Broberg, Andersen, Seim (2011) ont montré qu'introduire la notion d'objet-frontière (au sens de Star et Griesemer, 1989) permettait de mieux comprendre le rôle des objets dans l'ergonomie participative relative aux processus de conception. Les auteurs soutiennent que la sélection d’objets-frontières dans les processus d’ergonomie participative est essentielle car les objets facilitent la participation et l’implication de différents acteurs, donc une conception collaborative. Ils sont nécessaires pour créer un langage commun qui permet aux connaissances et aux idées de tous les participants d’être représentés. A partir de deux études de cas et à travers cinq objets présentés lors d’un processus de conception participative, 1/de l’utilisation de nouvelles technologies dans un atelier de fabrication et 2/de nouveaux espaces de travail dans la fonction publique, ils décrivent certaines caractéristiques des objets, leur contexte d’utilisation et ce qu’ils produisent :

- Ces objets sont créés à travers l’action des participants, fabriqués dans l’action (« objects- in-the-making »)

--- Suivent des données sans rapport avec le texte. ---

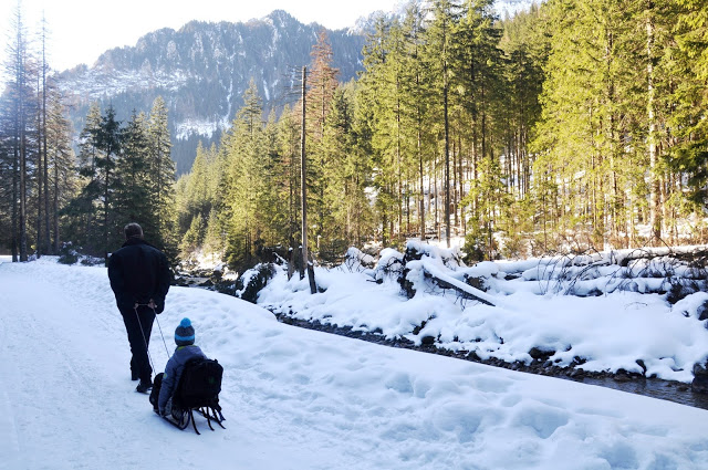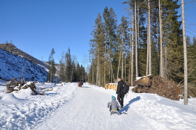 Kilka tygodni przed wyjazdem w Tatry wiedzieliśmy, że odwiedzimy Dolinę Kościeliska. Zachwyciły mnie te wszystkie pocztówkowe krajobrazy i zachęcały relacje rodziców spacerujących z maluchami w wózkach. Bałam się jedynie odległości. Prawie 6 km do schroniska wydawało się być niemożliwe do przejścia z czterolatkiem, szczególnie zimą. A potem jeszcze kolejne 6 km powrotu tą samą drogą…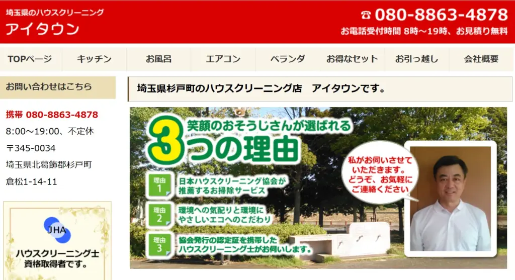 | 主な対応サービス | エアコン・水回りのハウスクリーニング |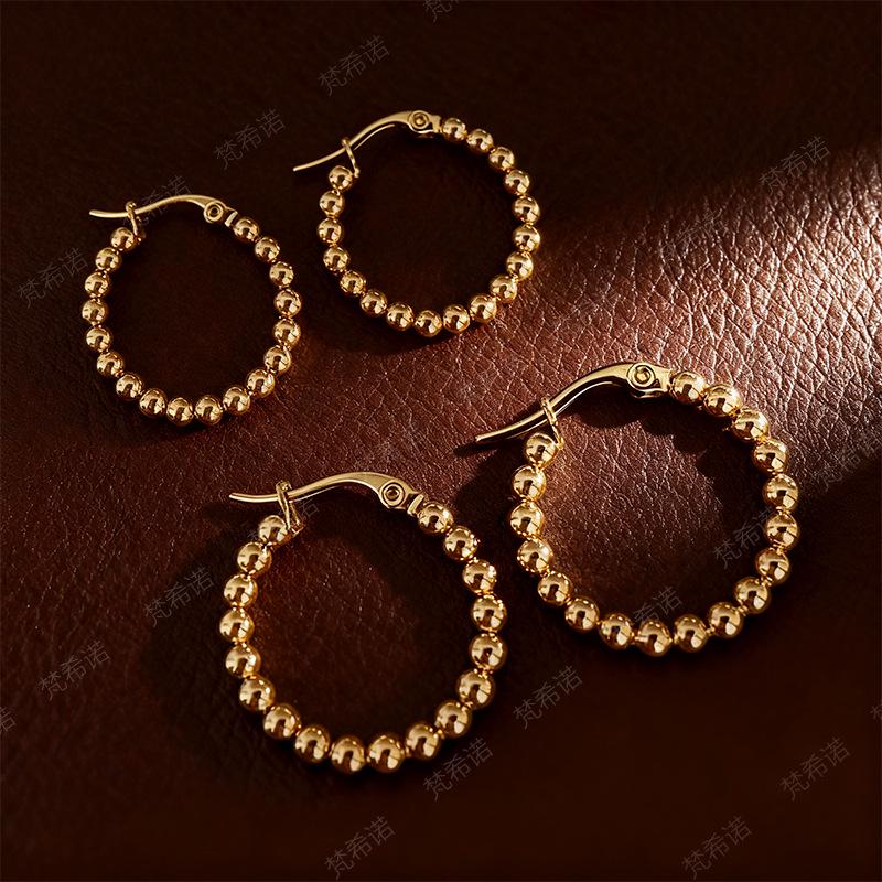 Elegant Stainless Steel Geometric Flower Bead Earrings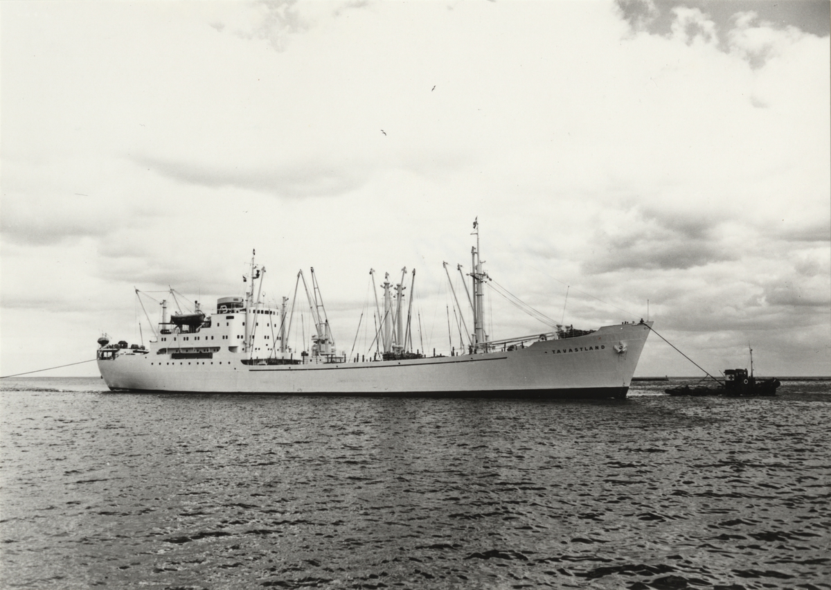 Foto i svartvitt visande lastmotorfartyget "TAVASTLAND" i Köpenhamn under juni månad 1958.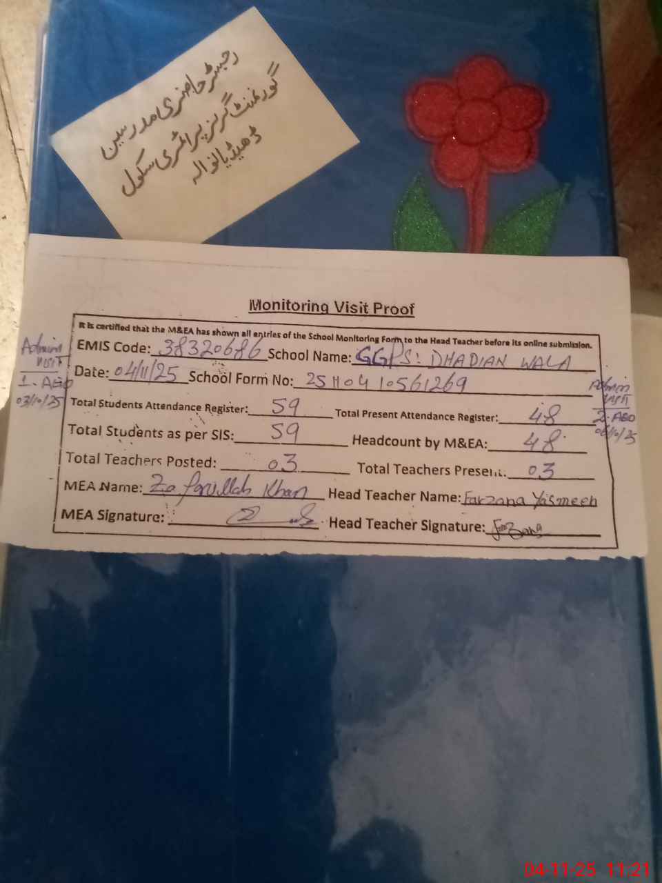 | EMIS Code: 38320686 | Name of School: GGPS DHADIAN WALA | |||

- Ils doivent être capables de suggérer leur propre utilisation (« built-in-affordance ») - Ils doivent être flexibles et malléables

- Leur utilisation requiert des règles et des instructions

- Un facilitateur doit accompagner leur utilisation (“a facilitator”), sélectionnant les OI, développant les règles et les instructions et guidant les ateliers de travail dans lesquels les objets sont utilisés.

- Ils sont utilisés et s’établissent dans un espace temporaire d’apprentissage au sein de l’organisation de travail (« temporary learning space »). Cette configuration facilite l’effacement temporaire des structures organisationnelles ainsi que le rôle auquel les participants sont astreints quotidiennement. Cet aménagement permet d’amorcer un processus d’apprentissage entre différentes communautés de pratiques (Wenger, 2000 cité par Broberg, et al., 2011)

- Le lieu (« location ») où les discussions se déroulent autour des objets doit être choisi avec attention. Il doit être le plus neutre possible, ne pas être habituel pour certains acteurs, s’il est singulier pour d’autres.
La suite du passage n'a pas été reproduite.